34. “Live With Me” (1969, from Let It Bleed)
“I got nasty habits,” Mick declares as I’m closing up the bar where I’ve been DJ’ing all night. I’m there hanging out and indulging myself with the drop-dead-fucking-gorgeous bartender, who doles out lines with every drink she pours us. Johnnie Black on the rocks for me, Southern Comfort straight for her. The sun is coming up, and I have to be at work in about three hours.

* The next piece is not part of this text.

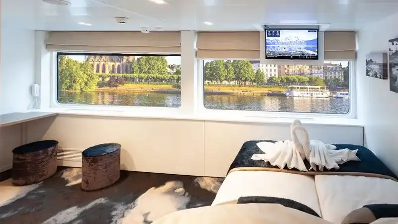 Completely refitted in 2019, this intimate standard ship measures 82 meters in length and 9.5 meters in width, accommodating up to 90 guests in 45 comfortable cabins across two decks. Each cabin is thoughtfully designed to provide modern amenities and ensure a relaxing stay. The interior décor reflects the spirit of romanticism, with mineral and bluish tones inspired by the Channel Islands, where Victor Hugo spent his exile, and subtle brass and Art Deco accents that capture the elegance of the era.

Despite the stimuli, I’ve begun to fade, but "Live With Me" immediately gives me a jolt, and I revive, with a big shit-eating grin plastered on my face. I’ve gotten this DJ gig by bonding with the bartender over the Stones, so while it plays, we both light up and sing to each other. I think about how silky the bass is, and I kvell over Keith’s sublime harmony vocals. I also think about what I can do to get this amazing woman into bed, but I don’t make a move on her. I get that I’m so not Mick – he would have gone home with her - but when I kiss her hand and say goodnight (at 8am), I do it gallantly, and I know that Keith would approve.
33. “Miss You” (1978, from Some Girls)
In retrospect, it’s both difficult and easy to understand what all the hubbub was about disco. Difficult, because it’s only a four on the floor beat. Easy, because with its black and gay influence, and its explosive popularity, it was a significant threat to rock’s unquestioned popular dominance. Bruce Springsteen once described the anti-disco backlash as “veiled racism,” and he was right, except that he could have added homophobia as well.
The Stones one contribution to the disco era is also one of their great singles, their comeback after their desultory mid-70’s period, and a statement that they still mattered. It’s also New York in the 70’s; black, white, and Puerto Rican, on roller skates and flatbed trucks, hustling through Central Park, perhaps not getting what it wants, but definitely getting what it needs.
32. “Sway” (1971, from Sticky Fingers)
Mick counts off and the band sort of falls into it, reminding me of what the engineer Andy Johns once said about the Stones, something to the effect of hearing them rehearse hour after hour and them being awful. Then suddenly, it all comes together and they’re the Rolling Stones. “Sway” is murky and ramshackle – and devastating. Jagger’s vocals are white hot and committed – there’s none of the lazy phrasing he would take on later. Charlie’s fills hit harder than almost anything he’s ever played, and Mick Taylor plays a closing solo that the band should be paying him royalties on.
31. “Under My Thumb” (1966, from Aftermath)
The opposite of love isn’t hate – it’s indifference. And even then, the Stones knew that the only way to really gain control is by being indifferent to the object of one's desire. Paradoxical, but when aren't the Stones paradoxical? Power is a central theme of love in the Stones' music, and no one has ever explored power in relationships like they have. Of course, the way Jagger comes off, it seems as though he's the always the one in control, but given how in control he needs to be, you might have to wonder if he's hiding something.